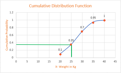 Now, from the graph, we can find P(X≤25). The probability of the weight of students less than 25 is 0.35
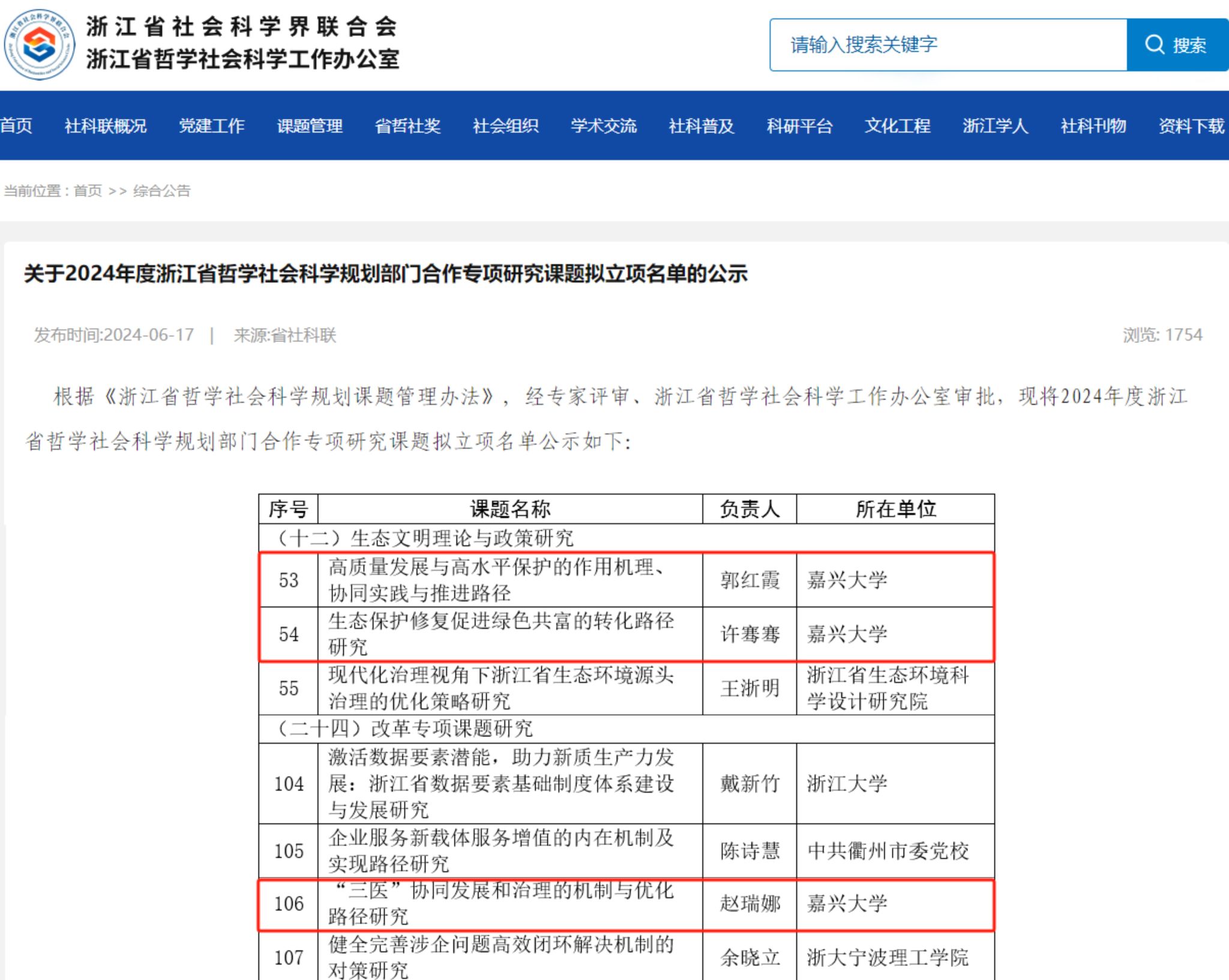 近日,浙江省哲学社会科学工作办公室公布了《关于2024年度浙江省哲学社会科学规划部门合作专项研究课题拟立项名单的公示》。我院郭红霞博士主持的课题《高质量发展与高水平保护的作用机理、协同实践与推进路径》、许骞骞博士主持的课题《生态保护修复促进绿色共富的转化路径》、赵瑞娜博士主持的课题《“三医”协同发展和治理的机制与优化路径研究》获得拟立项。
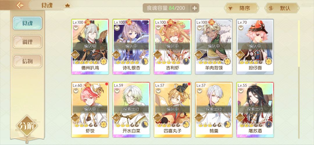 诗礼银杏:四花诗老师是从前厨艺的标配,可以带玛瑙,白釉,前期加血一般般吧,但是金身就很香,值得练,诗老师一定一定一定要肝出来好吗,这个御真的是超良心的,他和八仙一样,可以用到老,新手任务没做完的也不要紧张,任务结束后会把你的进度转化为食魂碎片,到时候去协会拼就可以了,升级给的第一个调料如果你开局没有抽到新手推荐的T0,T1输出的话我也建议先给他增加5%治疗量,后期加血没有吉利虾猛,但是他的适用性很广,四花的净化简直无敌,我的第一个四花就是他,到现在也不带后悔的

++++

TASK BRIEF: Write out the data exactly, but not its pictures.

ANSWER SECTION:
 Now, from the graph, we can find P(X≤25). The probability of the weight of students less than 25 is 0.35
 近日,浙江省哲学社会科学工作办公室公布了《关于2024年度浙江省哲学社会科学规划部门合作专项研究课题拟立项名单的公示》。我院郭红霞博士主持的课题《高质量发展与高水平保护的作用机理、协同实践与推进路径》、许骞骞博士主持的课题《生态保护修复促进绿色共富的转化路径》、赵瑞娜博士主持的课题《“三医”协同发展和治理的机制与优化路径研究》获得拟立项。
 诗礼银杏:四花诗老师是从前厨艺的标配,可以带玛瑙,白釉,前期加血一般般吧,但是金身就很香,值得练,诗老师一定一定一定要肝出来好吗,这个御真的是超良心的,他和八仙一样,可以用到老,新手任务没做完的也不要紧张,任务结束后会把你的进度转化为食魂碎片,到时候去协会拼就可以了,升级给的第一个调料如果你开局没有抽到新手推荐的T0,T1输出的话我也建议先给他增加5%治疗量,后期加血没有吉利虾猛,但是他的适用性很广,四花的净化简直无敌,我的第一个四花就是他,到现在也不带后悔的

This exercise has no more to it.